Dataset entries:
----------------

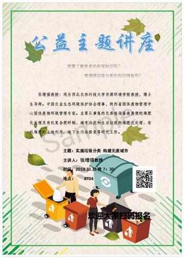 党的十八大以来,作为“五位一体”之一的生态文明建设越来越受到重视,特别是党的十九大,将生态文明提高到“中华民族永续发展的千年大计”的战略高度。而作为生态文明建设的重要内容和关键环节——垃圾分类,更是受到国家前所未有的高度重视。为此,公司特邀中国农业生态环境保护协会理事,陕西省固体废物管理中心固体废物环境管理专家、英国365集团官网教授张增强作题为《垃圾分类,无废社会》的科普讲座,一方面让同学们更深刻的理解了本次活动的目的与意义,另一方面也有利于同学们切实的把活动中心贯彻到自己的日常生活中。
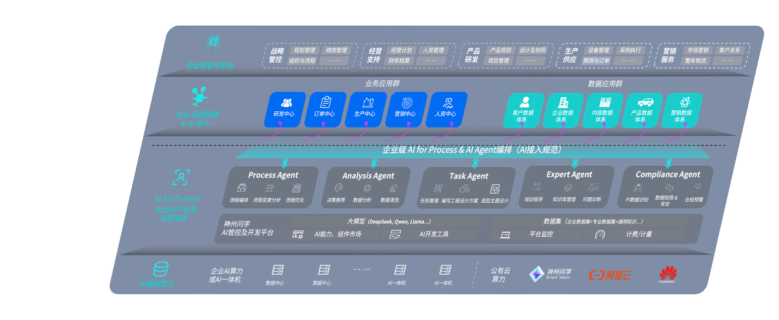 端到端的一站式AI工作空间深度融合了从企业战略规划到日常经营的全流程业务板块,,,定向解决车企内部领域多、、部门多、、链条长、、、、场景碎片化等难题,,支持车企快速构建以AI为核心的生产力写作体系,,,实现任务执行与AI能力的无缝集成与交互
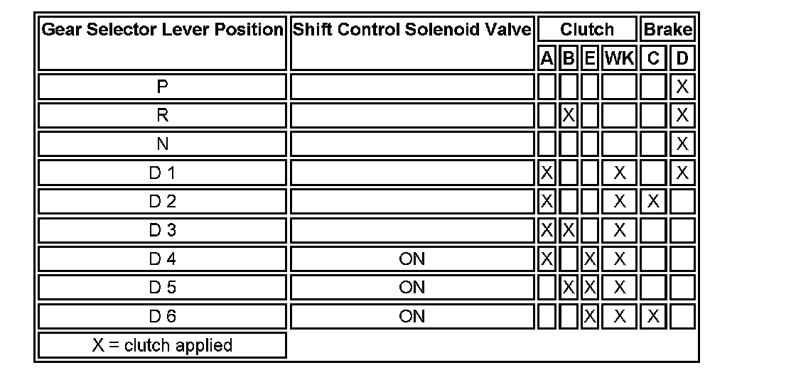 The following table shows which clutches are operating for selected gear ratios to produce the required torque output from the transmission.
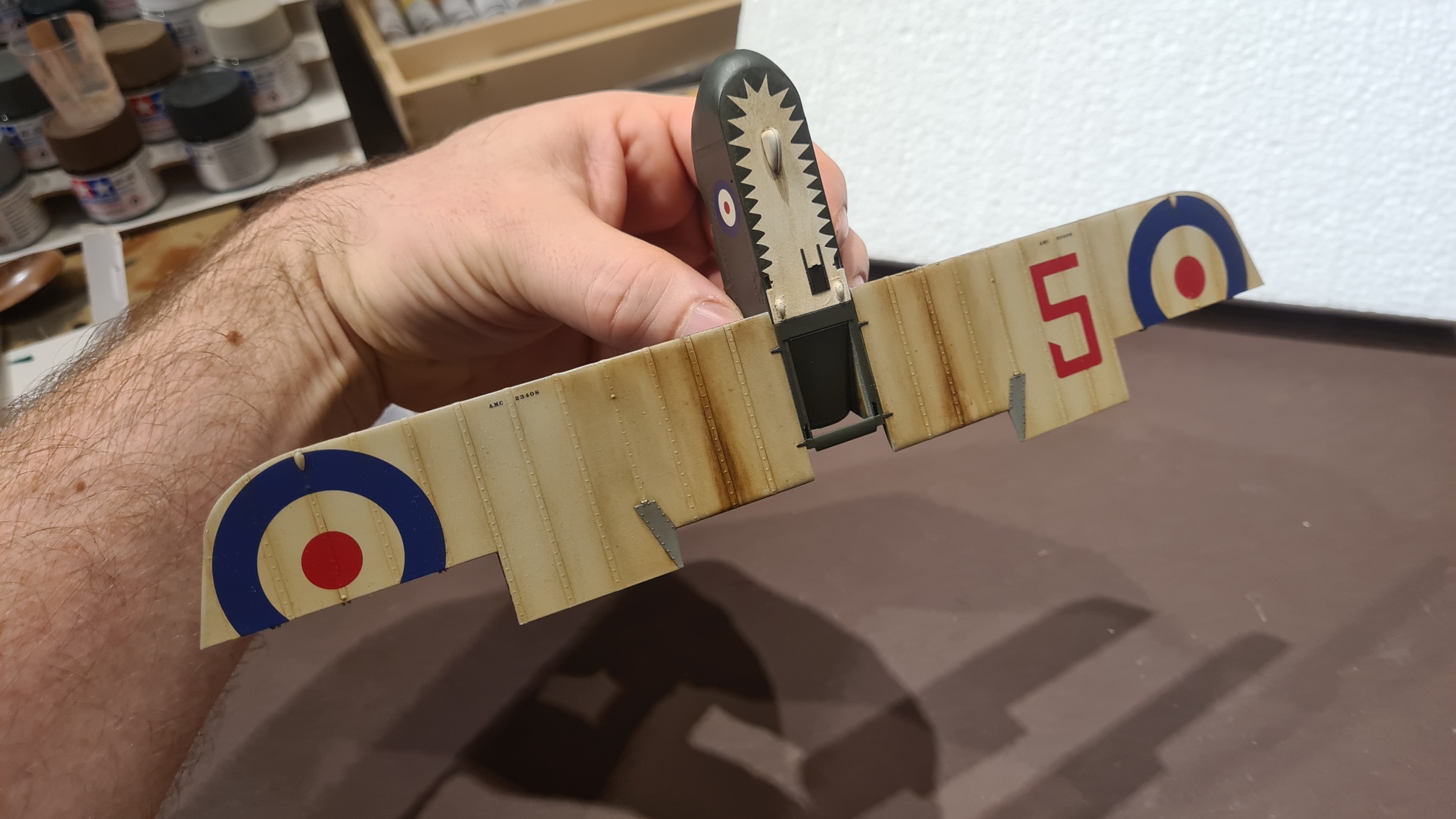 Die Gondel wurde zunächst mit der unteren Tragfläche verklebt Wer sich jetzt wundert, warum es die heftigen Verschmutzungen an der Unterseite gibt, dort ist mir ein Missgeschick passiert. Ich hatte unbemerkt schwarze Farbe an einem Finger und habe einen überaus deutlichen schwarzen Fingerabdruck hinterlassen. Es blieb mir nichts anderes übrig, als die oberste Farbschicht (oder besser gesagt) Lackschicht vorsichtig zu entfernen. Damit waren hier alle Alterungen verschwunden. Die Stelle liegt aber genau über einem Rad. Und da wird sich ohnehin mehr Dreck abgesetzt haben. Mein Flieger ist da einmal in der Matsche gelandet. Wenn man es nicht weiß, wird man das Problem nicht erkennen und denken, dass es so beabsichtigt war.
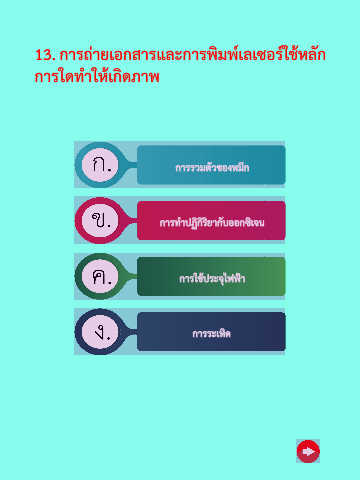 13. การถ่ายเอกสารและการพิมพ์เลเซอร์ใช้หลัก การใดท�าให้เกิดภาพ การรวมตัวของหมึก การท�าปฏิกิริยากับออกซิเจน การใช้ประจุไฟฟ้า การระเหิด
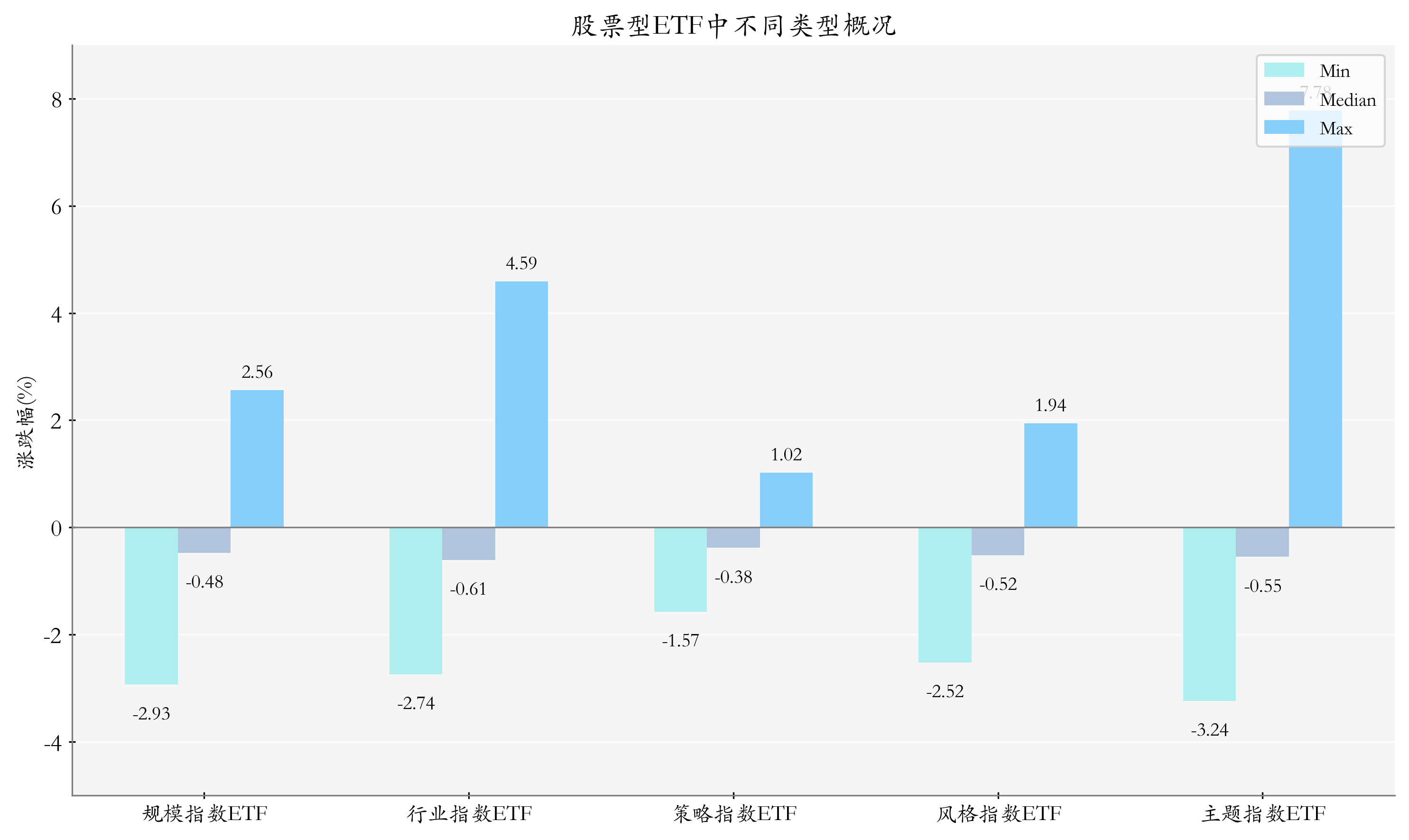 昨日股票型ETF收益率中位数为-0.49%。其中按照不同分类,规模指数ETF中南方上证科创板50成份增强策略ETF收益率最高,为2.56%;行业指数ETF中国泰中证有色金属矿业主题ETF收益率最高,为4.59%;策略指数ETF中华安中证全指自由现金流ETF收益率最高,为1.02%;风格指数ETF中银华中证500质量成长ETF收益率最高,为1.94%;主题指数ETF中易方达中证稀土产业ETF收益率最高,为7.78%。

----------------

■ What this task involves
Every line between the one containing "Die Gondel wurde" and the last line of the data above, both included, should be copied exactly, but not the pictures.

■ Answer to the problem
 Die Gondel wurde zunächst mit der unteren Tragfläche verklebt Wer sich jetzt wundert, warum es die heftigen Verschmutzungen an der Unterseite gibt, dort ist mir ein Missgeschick passiert. Ich hatte unbemerkt schwarze Farbe an einem Finger und habe einen überaus deutlichen schwarzen Fingerabdruck hinterlassen. Es blieb mir nichts anderes übrig, als die oberste Farbschicht (oder besser gesagt) Lackschicht vorsichtig zu entfernen. Damit waren hier alle Alterungen verschwunden. Die Stelle liegt aber genau über einem Rad. Und da wird sich ohnehin mehr Dreck abgesetzt haben. Mein Flieger ist da einmal in der Matsche gelandet. Wenn man es nicht weiß, wird man das Problem nicht erkennen und denken, dass es so beabsichtigt war.
 13. การถ่ายเอกสารและการพิมพ์เลเซอร์ใช้หลัก การใดท�าให้เกิดภาพ การรวมตัวของหมึก การท�าปฏิกิริยากับออกซิเจน การใช้ประจุไฟฟ้า การระเหิด
 昨日股票型ETF收益率中位数为-0.49%。其中按照不同分类,规模指数ETF中南方上证科创板50成份增强策略ETF收益率最高,为2.56%;行业指数ETF中国泰中证有色金属矿业主题ETF收益率最高,为4.59%;策略指数ETF中华安中证全指自由现金流ETF收益率最高,为1.02%;风格指数ETF中银华中证500质量成长ETF收益率最高,为1.94%;主题指数ETF中易方达中证稀土产业ETF收益率最高,为7.78%。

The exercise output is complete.